= Frank Nwachukwu Ndili =

Nigerian academic

Frank Nwachukwu Ndili (6 October 1934 – 13 February 2024) was the 1st Nigerian nuclear physicist and the 7th vice chancellor (president) of the University of Nigeria, Nsukka. He served as Vice Chancellor (President) of the University of Nigeria, Nsukka from 1980 until he was succeeded by professor Chimere Ikoku in 1985. He left the office after a long and controversial investigation by the panel of inquiry. However, he is believed to have been forthright even where his predecessor Umaru Shehu (1978–1979) threaded carefully. During Professor Ndili's Vice-Chancellorship, effort was undertaken for the first time to rebuild and refurbish the University of Nigeria following its devastation by the Nigerian Civil War. Ndili envisioned that the University would be destined for world-class status and designed a Master Plan to that effect. Today, the grand University entryway, the Nnamdi Azikiwe Library, the School of General Studies, and the Faculty of Arts Complex stand as testimony to his grand vision.

Ndili was married to Dame Edna Odibei Ndili and they had six children - Dr. Isioma Ndili-Nwokolo, Dr. Amaechi C. Ndili, Dr. Awele N. Ndili, Dr. Ogugua Ndili Obi, Dr. Unoma Ndili Okorafor, and Dr. Obianuju Ndili.

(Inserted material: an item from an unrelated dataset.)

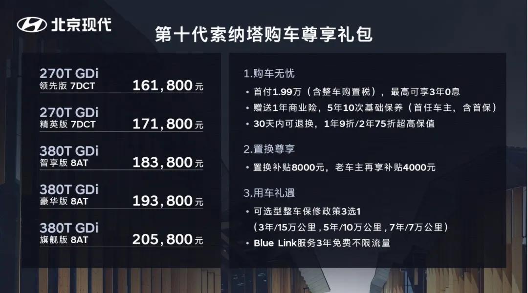 昨日(7月22日),北京现代第十代索纳塔上市发布会以全场景、创新性的直播形式正式上市,共推出两款动力共5款配置,指导售价区间为16.18-20.58万元,并提供了三大购车尊享礼包。

== Early life and education ==
Ndili was born on 6 October 1934 in Asaba, Delta State, Nigeria. He went to St. Patrick's College in Asaba from 1950-1954. He studied at the University of Ibadan from 1957-1961 where he graduated with a B.Sc. (Hons) First Class in Physics. In 1961, he proceeded to the University of Cambridge England and graduated in 1964 with a Ph.D in Nuclear and High Energy Particle Physics. He was the first Nigerian to obtain a PhD in Nuclear and High Energy Particle Physics, having trained under Professor Otto Robert Frisch at the Cavendish Laboratory Cambridge, UK between 1961 and 1964. He was a Fellow of the British Institute of Physics (F.Inst.P), London, 1977 and won the Alberti Tomasini prize of the Italian Physical Society, Erice, Italy in 1965.

== Career ==
Ndili joined the University of Nigeria in 1971 and became Professor in 1974. His career began as a physics lecturer at the University of Ibadan from 1964-1968. He was a visiting scientist at the International Centre, Trieste, Italy in 1967. He was a research fellow at Atomic Energy University of Warsaw, Poland from 1967-1968, then Principal Scientific Officer, Daresbury Nuclear Physics Research Warrington, England from 1968–1971. He was also a senior lecturer for physics at the University of Nigeria (UNN) between 1971 and 1973. Ndili was the Head of Department of Physics at the University of Nigeria from 1973–1976. From 1976 to 1980, he was Dean of the Faculty of Physical Sciences at UNN. In 1980, he became the Vice Chancellor. He served out his tenure as the VC of UNN in 1985. After his tenure, he proceeded on leave of absence overseas. In 2005, he returned to UNN. He was conferred Professor Emeritus of the University of Nigeria in 2016 in recognition of his outstanding contribution to scholarship, and his distinguished service to the University. Ndili died on 13 February 2024 at the age of 89.